当然,普通妇女的粗糙制品,功能肯定会大打折扣。
“你胡说些什么?”身后传来少女怪怪的嗓音,而且伸手拉他的手肘表示抗议。
他转身回头,少女似喜似嗔的美丽面庞呈现眼前。
“你还不走?”他感到心中一跳,脸一热,避开目光转脸他顾:“这附近仍有高手走狗出没,你精力将竭,再不走可就吉凶难卜了。”
“教主说你的武功派不上用场。”少女不理会他的话。
“我承认我没练过内功拳剑,但练过弓马刀枪。在家乡我是列名的民壮,必须练弓马枪刀。硬拼我有自知之明,无法和你们这些内外功精纯,拳剑超尘拔俗的高手名家论短长。但我会运用智慧与见识,利用机会或制造机会,与比我强的人周旋,争取我最佳的利益。”他谦虚的语气中,隐约流露出自豪的神色:“强中更有强中手,自以为艺比天高的人,是活不了多久的。”

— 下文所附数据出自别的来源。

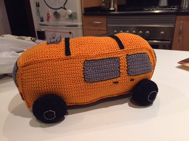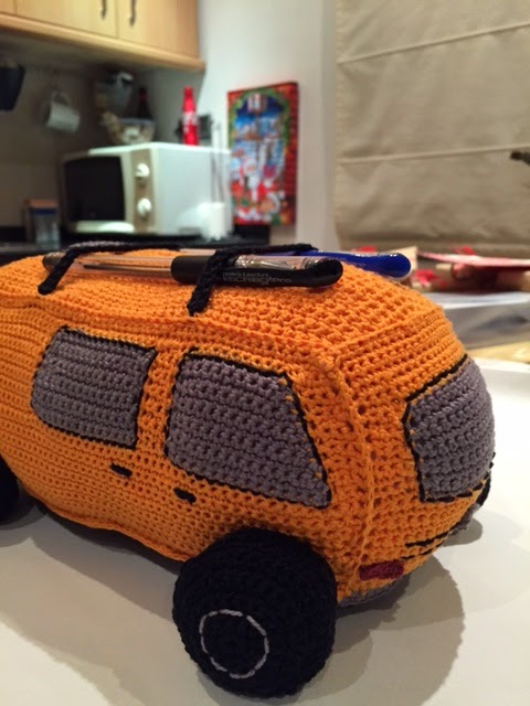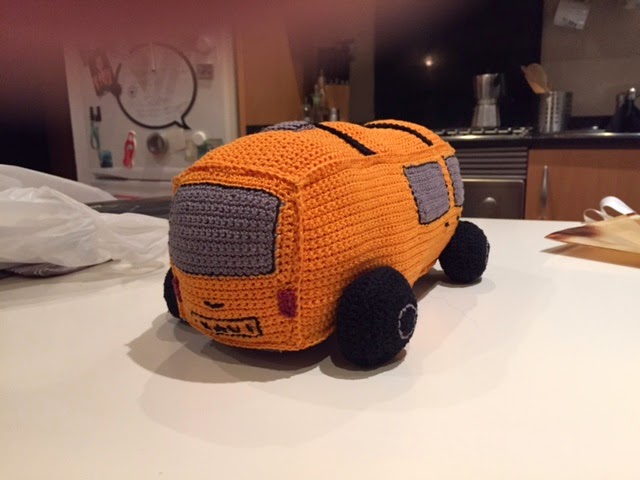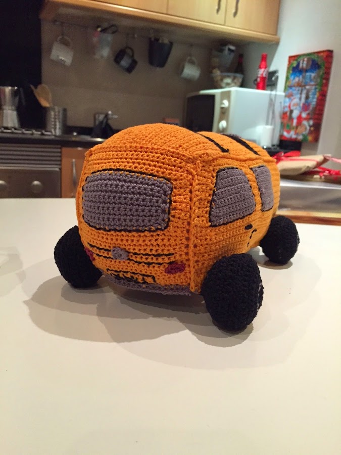 El patrón lo saqué a medida que iba haciendo la labor (según veía que iba necesitando puntos ahí y me sobraban de allá), pero como ya lo tengo, en cuanto tenga un momento libre os lo publico para que no tengáis que romperos la cabeza si os decidís a hacer esta súper furgo: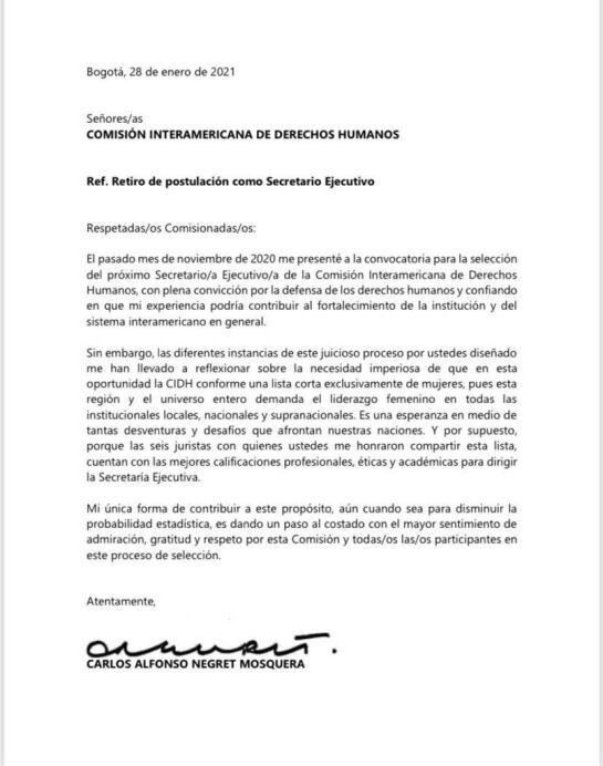 El exdefensor del Pueblo, Carlos Negret, que en noviembre del año 2020, se presentó a la convocatoria para la selección del próximo secretario ejecutivo de la Comisión Interamericana de Derechos Humanos, (CIHD), retiró su postulación porque quiere que sea una mujer la que este en este cargo.
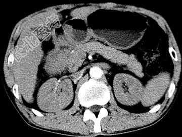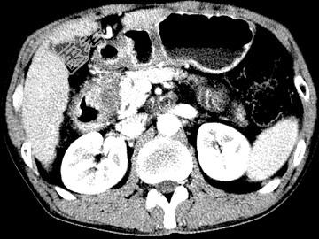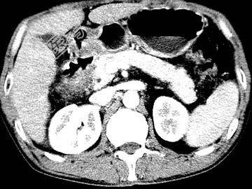 - 单项选择题女,63岁, 右上腹疼痛,呈不规律性钝痛, 伴恶心,时有呕吐, 呕吐物为胃内容物混有胆汁,CT检查如图, 最可能的诊断是 ( )

“你的意思,是我不如你了。”少女的口气带责难成份,美丽的面庞也有不悦的神情。
他剑眉一轩,转脸平视这张美丽的面庞,先前所产生的好感,平空消失了一半。
少女不但不感谢他,反而语含责难,一定是自以为地位甚高,没把他这个外人放在眼下。
“你说什么?”他冷冷地问。
“咦!你……”少女在他的逼视下,心中一虚。
“我告诉你,小女孩。”
他冷冷一笑:“我从没想到与任何人比强弱,只盘算如何获取我所希求的利益。就算你说你的武功比我强一万倍,我也不会向你抗议的。我不认识你,也不知道你是谁,怎么可能认为你不如我?我怕你好不好?”

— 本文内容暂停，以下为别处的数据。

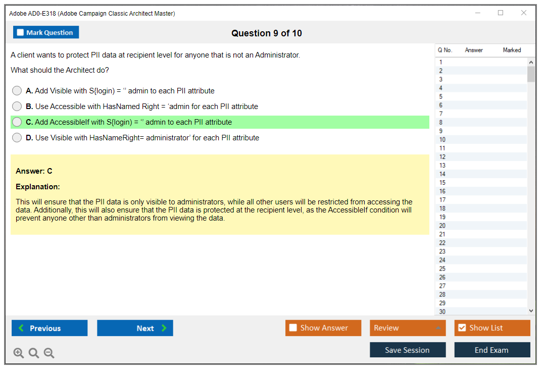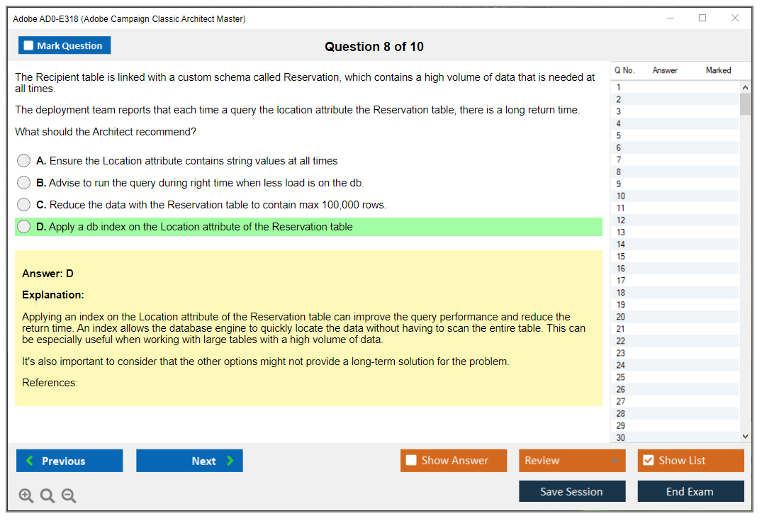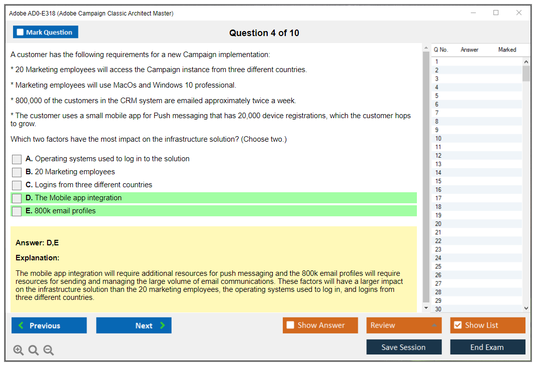 The Adobe AD0-E318 (Adobe Campaign Classic Architect Master) Exam is designed to validate the skills and knowledge of professionals in architecting solutions using Adobe Campaign Classic. It assesses the ability to design, implement, and optimize Adobe Campaign Classic solutions.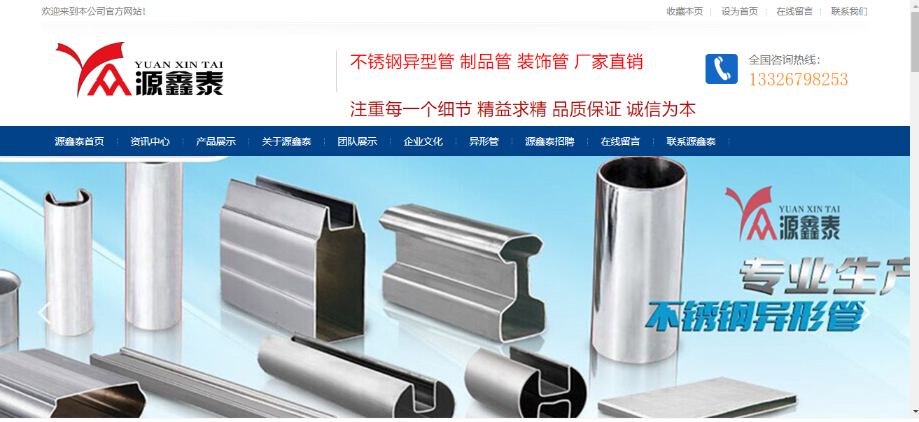 今天讓我們一起來分享一下不銹鋼異型管網(wǎng)站設計案例:廣東省佛山市源鑫泰不銹鋼有限公司

声落人动,一窜丈外,像一部四匹马拉的大车,冲入远处的灌木丛,枝叶摇摇渐渐去远。
白衣女郎到了,晶亮的凤目中有疑云。
“兰小霞,那是你的人?”白衣女郎手指枝叶仍在响动的灌木丛:“他掷刀剑的技巧高明极了,他救了我的命,他是谁?”
“还不算是本教的人。”少女兰小霞脸上一阵红一阵白,怒意可见:“走狗们可能已经承认失败撤走了,幸好你们及时赶来替我们解围。奇怪,你们该到严家洲……”

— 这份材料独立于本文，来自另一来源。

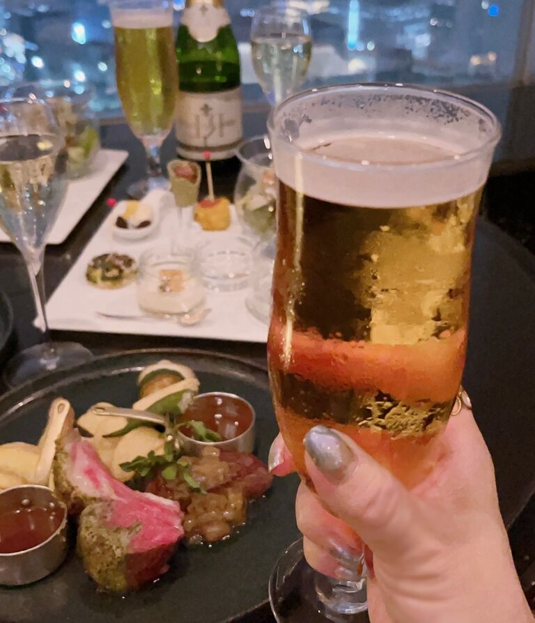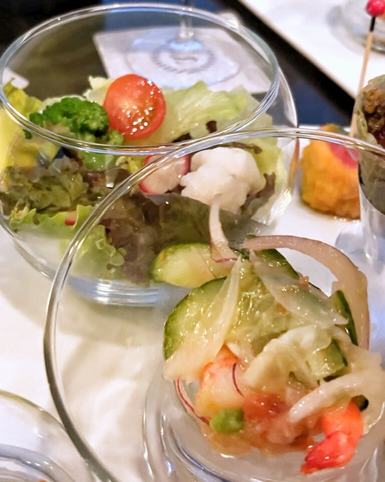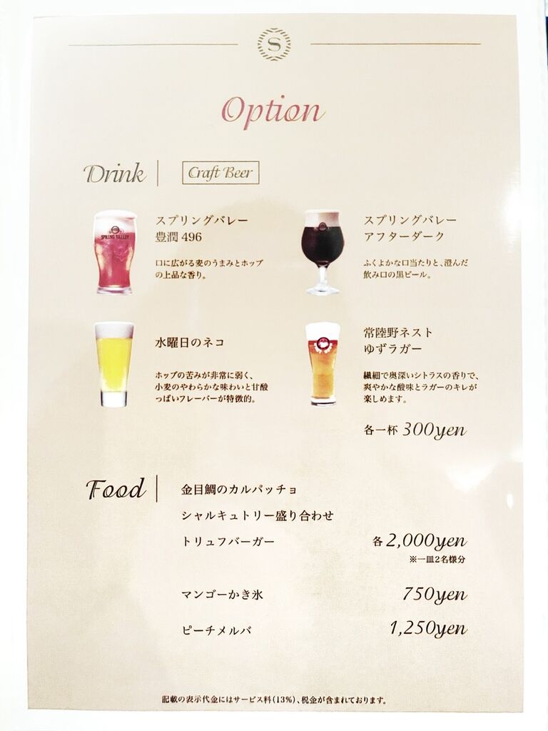 ビールは、キリン一番搾り、ハイネケンエクストラゴールド。先ほどのスパークリングワイン、ルネフランス、フロンテラの赤白ワイン、ウイスキーの「陸」、さらにカクテル(ティーヒート。スミノフレモネード、ベイビュー、シェラトンタワー、「陸」カクテル)やソフトドリンクも飲み放題。

“昨天傍晚时分,在严家洲下游的江面上,我们发现血魔隆四海率领巡江船,知道情势不妙,不再前往严家洲,改赴这里鲁村第二聚会处候变,几乎一头撞入极乐散人布下的埋伏区。兰小妹,到底发生了什么变故?”
“一言难尽,咱们一面走一面说。”
“好,我先发讯号召集我的人,先善后再说,可能我的损失不轻。可以想见的是,咱们的劫宝大计走漏了消息,合作的计划不得不取消了,必须查出毛病出在哪里,八成是贵教的弟子中,有钦差府走狗的奸细卧底呢!”
“也许是你的月华门,有走狗卧底呢!”
谁也不肯承认自己的组织不健全,所以首先便倭过给对方。
农舍的厅堂格局小,容纳不了多少人,因此只有一些首脑级人物聚会,气氛颇为凝重。